A câmara dos deputados poderá votar nesta semana pelo prosseguimento da denúncia feita pela Procuradoria Geral da República contra o Presidente da República, Michel Temer, no Supremo Tribunal Federal, por corrupção passiva. A votação estaria marcada para esta quarta-feira, 2 de agosto.

O crime de corrupção passiva é tipificado pelo Código Penal, em seu artigo 317, como “solicitar ou receber, para si ou para outros, direta ou indiretamente, ainda que fora da função ou antes de assumi-la, mas em razão dela, vantagem indevida, ou aceitar promessa de tal vantagem. ”

Segundo a denúncia apresentada por Janot, Procurador-Geral da República, Temer vinha recebendo propina por parte da JBS para que a empresa fosse favorecida no Conselho Administrativo de Defesa Econômica (CADE), com o objetivo de viabilizar um contrato de fornecimento de gás com a Petrobras à uma termelétrica da empresa.

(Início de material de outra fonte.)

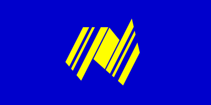 This blue and gold flag is being flown to mark the national celebrations in 1988 of two centuries of European Settlement in Australia. The golden symbol consists of seven stripes representing the Australian continental land mass, including Tasmania. The proportion so the stripes relate to those of the Union Flag. The colours, blue and gold are derived from the National Coat of Arms of Australia.I do not remember seeing the flag, however I was only 7 at the time.

O Presidente da República poderá ser processado por quais crimes?

De acordo com a Constituição Federal de 1988, artigo 86, o presidente da república pode ser processado por crimes de responsabilidade (julgamento pelo Senado) e por crimes comuns (julgamento pelo STF). O caso em questão trata-se de crime comum. Conforme entendimento do Supremo Tribunal Federal, crime comum abrange “todas as modalidades de infrações penais, estendendo-se aos delitos eleitorais, alcançando até mesmo os crimes contra a vida e as próprias contravenções penais.”

Ademais, quem tem legitimidade para interpor a denúncia é o Procurador-Geral da República.

Entendendo a tramitação

Recebida a denúncia no Supremo, para que esta seja analisada, é necessário a prévia autorização pela Câmara dos Deputados. Para isso, conta-se com os votos de dois terços do total de deputados, ou seja, 342 deputados. Sendo admitida a acusação, é autorizada a instauração do processo no poder judiciário. Sendo rejeitada, o STF fica impossibilitado de dar prosseguimento à ação, ficando suspensa.

Com a aceitação e o prosseguimento da denúncia, o STF vota para decidir se o presidente vira réu, podendo vir a ser afastado de suas funções por 180 dias. Após o julgamento definitivo pela Suprema Corte, o presidente será condenado com a perda dos direitos políticos e do mandato.